On Sunday, March 20, 2016 from approximately 8:20AM PDT to 9:10AM PDT, requests to Services and Check-ins were met with high response times that caused many requests to time out, interrupting service to users of Services, Services Live, and Check-ins. The root cause was a shift in traffic from our East Data Center (DC) to our West DC which overburdened the West DC web servers, despite recent upgrades, which rendered them unable to keep up with incoming requests.
7:32AM PDT Alert triggered for MySQL replication errors on west MySQL server.
7:38AM PDT Alert was acknowledged and work began.
7:38AM PDT Alert triggered for MySQL replication errors on east MySQL server.
7:38AM PDT Alert acknowledged.
7:48AM PDT West to East replication restored.
7:54AM PDT West to East replication fails again.
7:58AM PDT Database support ticket opened.
7:58AM PDT Decision to transfer traffic East to West is made.
8:06AM PDT Support was notified of the issue.
8:20AM PDT Traffic Begins to shift East to West, increasing response times in the West DC.
8:33AM PDT Decision made to revert settings to send traffic back to both data centers.
8:51AM PDT Changes successfully reverted, and traffic begins to balance, bringing down response times.
9:05AM PDT Database support repairs the broken replication.
9:10AM PDT Response times completely recover.
9:41AM PDT Work commenced checking and repairing data integrity in MySQL.
3:17PM PDT MySQL data clean up is completed with no lost data.
At 7:58AM PDT, a decision was made to shift the traffic going to the East DC to the West DC. Even with the addition of an additional web server to our West DC it was unable to constantly handle the surge in incoming requests.
At 8:33AM PDT the error of this initial decision was recognized.

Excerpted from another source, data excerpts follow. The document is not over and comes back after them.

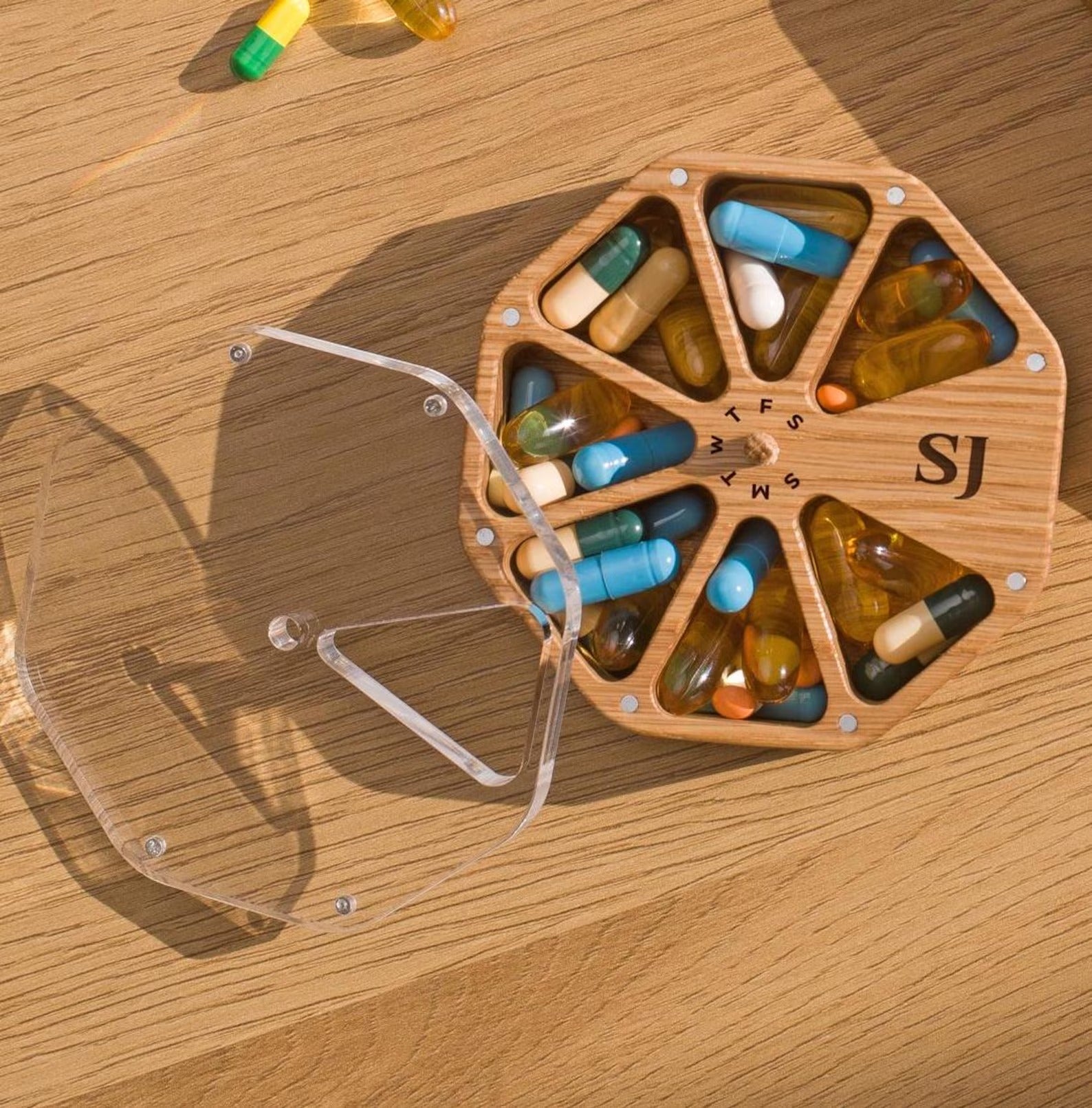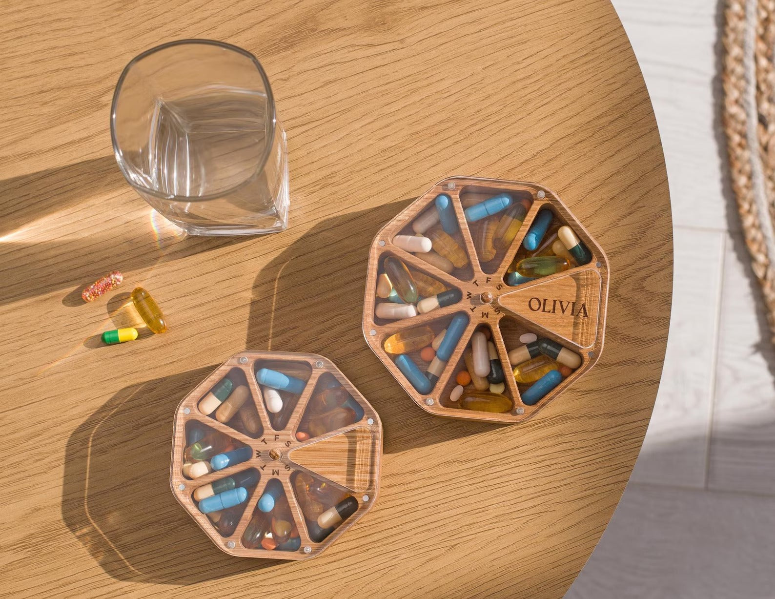 Stay organised in style with our handcrafted wooden pill containers, designed to keep your daily medication, vitamins, or supplements secure and easy to access. From compact travel pill boxes to 7-day organisers with medication logs, each piece combines functionality with elegant natural wood craftsmanship.
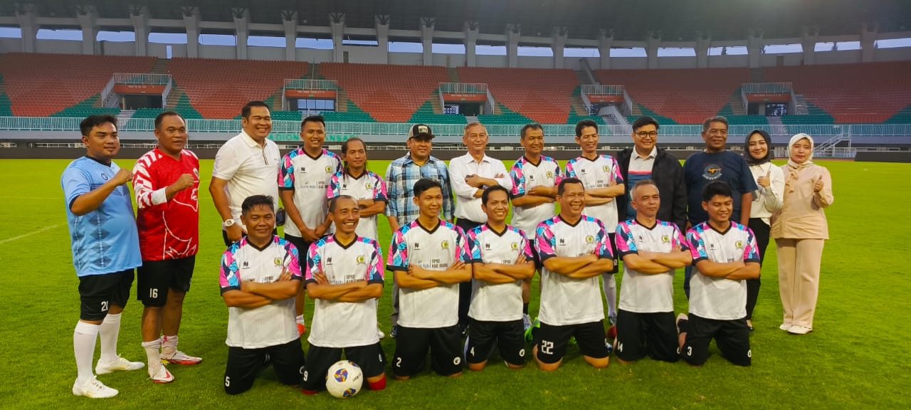 AKTUALITA.CO.ID _ Pertandingan sepak bola Fun Game Trofeo U-45 yang di dalamnya terdapat 3 tim antaranya All Star Bogor Timur, tim DPRD Kabupaten Bogor dan Ikastusi Fc. Pertandingan ini berlangsung di Stadion Pakansari, Cibinong. Selasa (12/11/24).
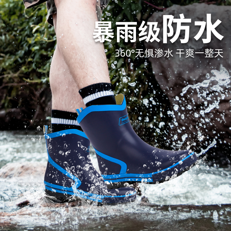 户外轻便四季 橡胶耐磨防水鞋 雨靴 男款 非常行中筒防水防滑雨鞋
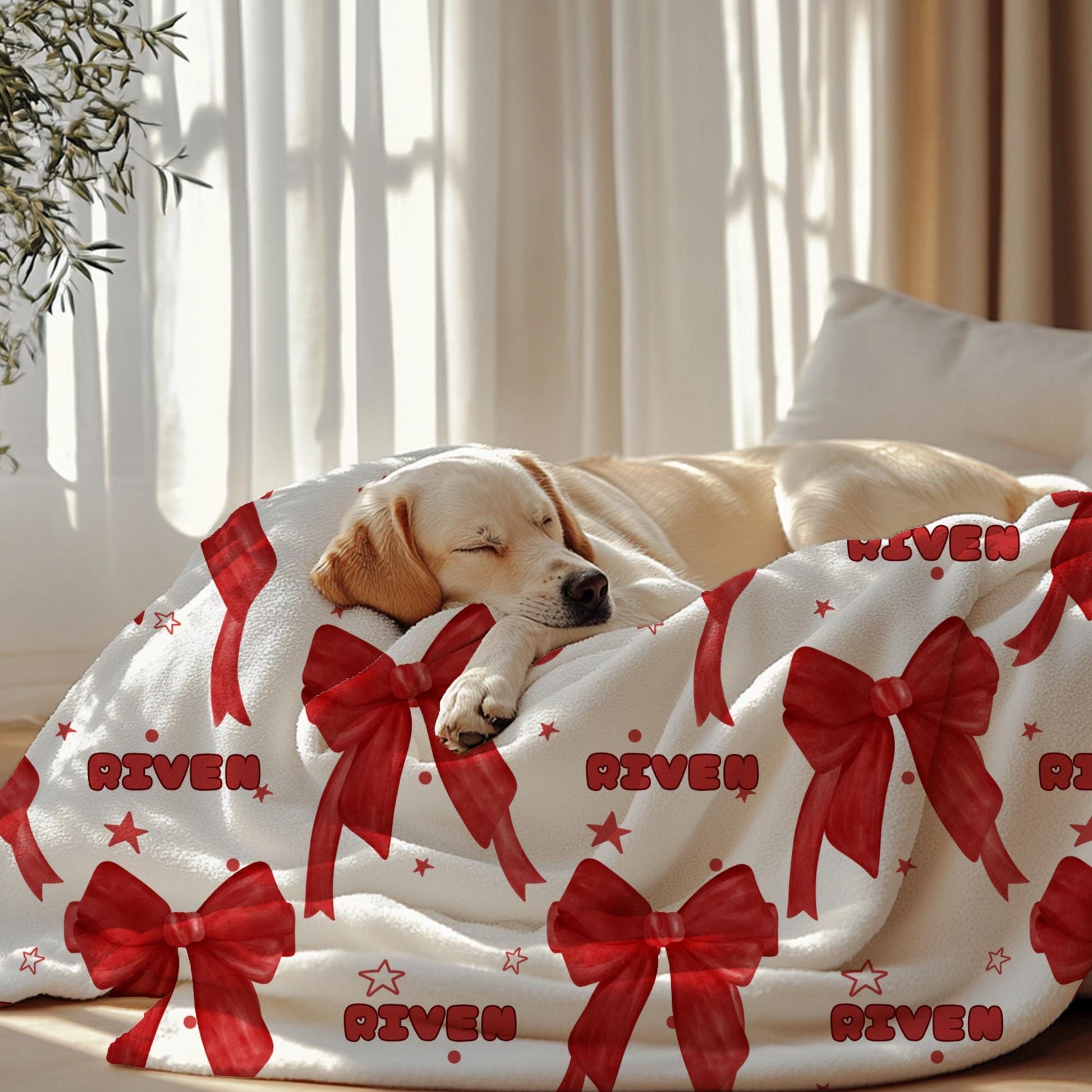 Personalized Blanket - Velveteen Custom Name Throw - Red Coquette Bow Blanket - by Harbor Island Decor

Work commenced to re-balance traffic.
From this point to 8:44AM PDT we struggled to get our DNS provider to reset to our original configuration.
From 8:44AM PDT to 8:51AM PDT Work to revert changes halted as we considered the implications of that action
AT 8:51AM PDT changes were reverted and response times immediately improved.
9:10AM PDT Response times completely recover.
After a complete review and analysis of the outage, the following actions are being taken to address the underlying causes of the issue, to help prevent recurrence, and to improve response times:
Planning Center Online is committed to continually improving our technology and operational processes to prevent outages. We appreciate your patience and again, apologize for the impact to you and your church. We thank you for your business and continued support.